In this way, p53 can help prevent rogue cells from forming malignant tumors. It is part of the body’s natural defense against cancer. Conversely, mutations of p53 that disrupt this function can contribute to cancer. Scientists have found, for example, that the gene that codes for p53 is one of the “most frequently mutated” in human cancers, and that the p53 pathway is inactive in most human cancers.
Cells get most of their energy from internal compartments called mitochondria, which produce fuel for metabolism in the form of ATP molecules.
Mitochondria typically use a process called oxidative phosphorylation to make ATP. However, in cancer cells, mitochondria favor a less efficient process called glycolysis, and they carry out less oxidative phosphorylation.
This switch to glycolysis involves p53 and another protein called p53 upregulated modulator of apoptosis (PUMA), which typically works with p53 to send damaged cells to programmed cell death.
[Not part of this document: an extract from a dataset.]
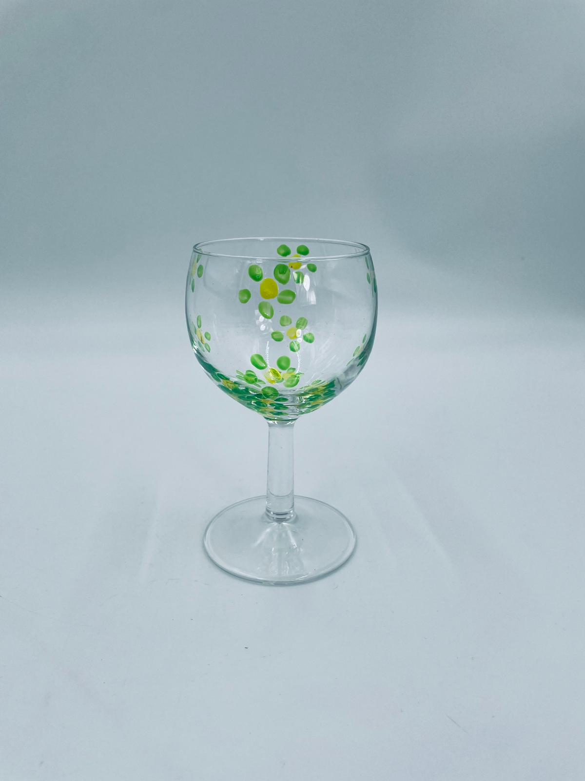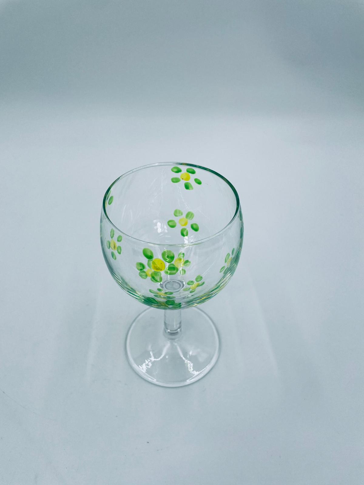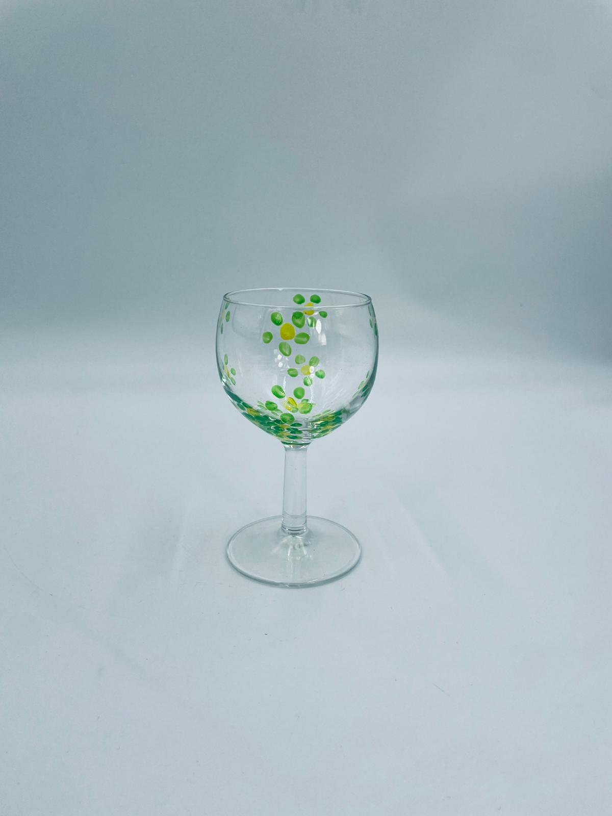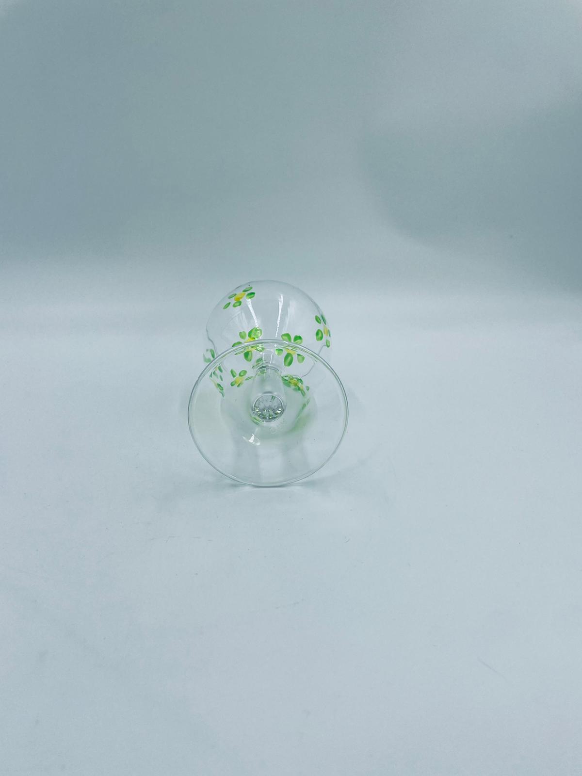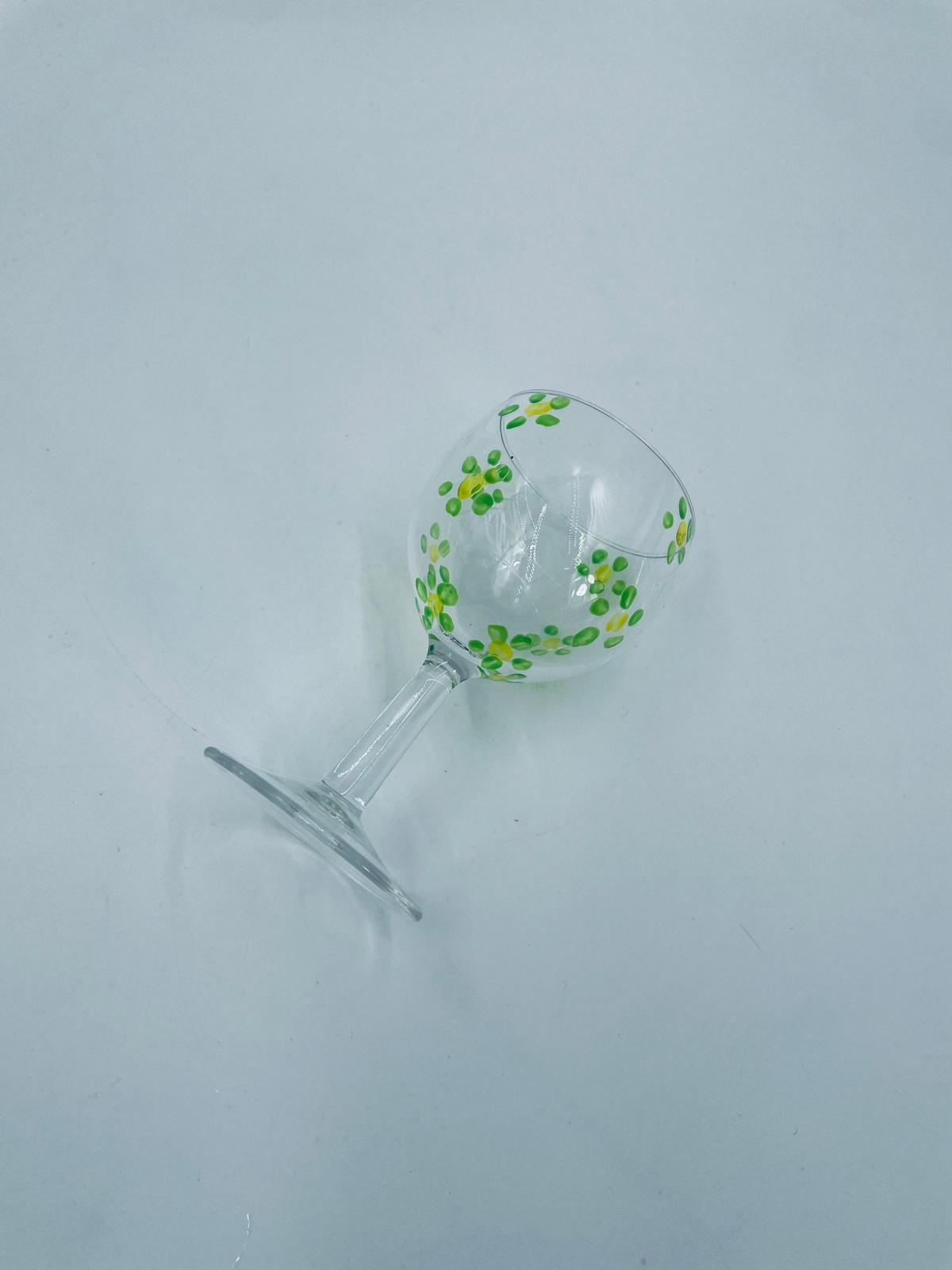 Kieliszek do wina francuskiej marki ARC, wykonany z wysokiej jakości szkła kryształowego. Kieliszek klasyczny, ozdobiony ręcznie malowanym wzorem zielonych kwiatków.

However, under certain conditions, it seems that PUMA can also trigger mitochondria to switch from oxidative phosphorylation to glycolysis, which favors cancer metabolism. Prof. Xu points out that at first, by lessening oxidative phosphorylation that generates “genome toxins,” p53 does prevent tumors. Once tumor growth is under way, however, p53 can work to support it. The findings should serve as a warning to cancer drug developers. Drugs that seek to fight cancer by restoring or enhancing the function of wild-type p53 could bring about the opposite result in some cancers.